Il arrive que des NP considérées comme acquises, et donc traitées spécifiquement,
soient reconnues tardivement comme étant génétiques.
Dans l’attente d’études automatisées, nous pensons que l’analyse fine d’une biopsie
nerveuse peut parfois orienter vers tel ou tel gène. En respectant certaines règles
simples, les prélèvements peuvent être transportés et adressés aux quelques laboratoires
spécialisés, qui sont en nette diminution. Trop de biopsies sont encore réalisées dans
de mauvaises conditions techniques : artéfacts de fixation, d’orientation des blocs,
techniques réalisées insuffisantes, etc. L’interprétation est alors délicate, sinon
impossible. L’examen ultrastructural peut être indispensable pour visualiser des dépôts
trop petits pour être visibles en microscopie optique, pour authentifier une surcharge
(neurolipidose, intoxication médicamenteuse) ou une anomalie de la compaction
myélinique (DM, mutation P0), éléments parfois déterminants pour le diagnostic
étiologique et pour le traitement.
Un grand nombre de NP évoluent dans un contexte de pathologie générale ou peuvent
le révéler. Il peut s’agir entre autres d’un diabète, d’une DM, d’une collagénose, etc.
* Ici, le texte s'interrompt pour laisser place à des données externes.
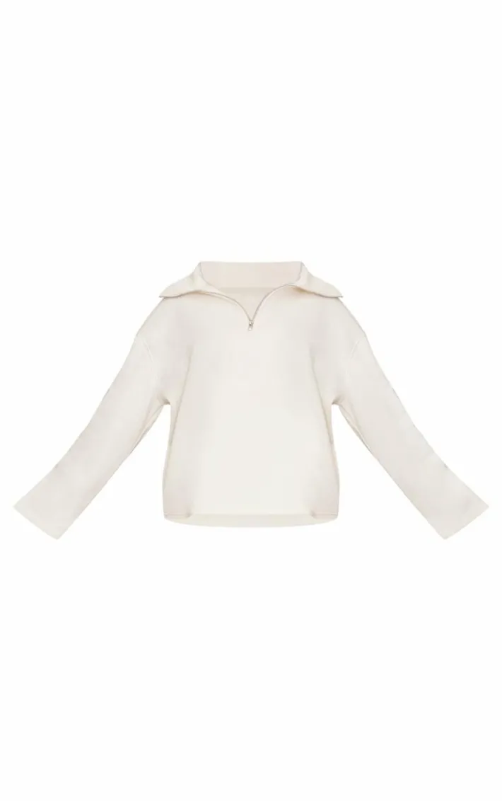 Elevate your everyday with this maternity cream quarter zip long sleeve sweatshir. Brought to you in a cream hue material with a quarter zip fastening and long sleeves, this Sweatshirt is a must have. Style with the matching sweatpants, fresh kicks and simple accessories for an off-duty look we can’t get enough of.

Pour chacune de ces causes, il existe des mécanismes variés. Si l’on considère les DM,
l’association à une NP peut être fortuite. Néanmoins, les mécanismes suivants doivent
être évoqués : chimiothérapie, anticorps anti-MAG, syndrome POEMS. Seule la biopsie
pourra authentifier la présence de cellules malignes (lymphome), de dépôts
d’immunoglobuline pathologique dans l’endonèvre et/ou entre les lamelles myéliniques,
et d’amylose. La détermination du mécanisme permettra non seulement d’affirmer
l’étiologie, c’est-à-dire un lien direct ou indirect (PIDC) à la DM, mais conduira
aussi à un traitement parfois spécifique. La prise en compte de certains facteurs
environnementaux – toxiques divers, milieu dit “tropical”, hospitalisation prolongée
en réanimation, etc. – doit conduire à des attitudes préventives, bien que nous
connaissions peu les mécanismes de ces NP.
Il nous semble que désormais la fréquence des NP dites “idiopathiques” devrait encore
beaucoup régresser dans les années à venir.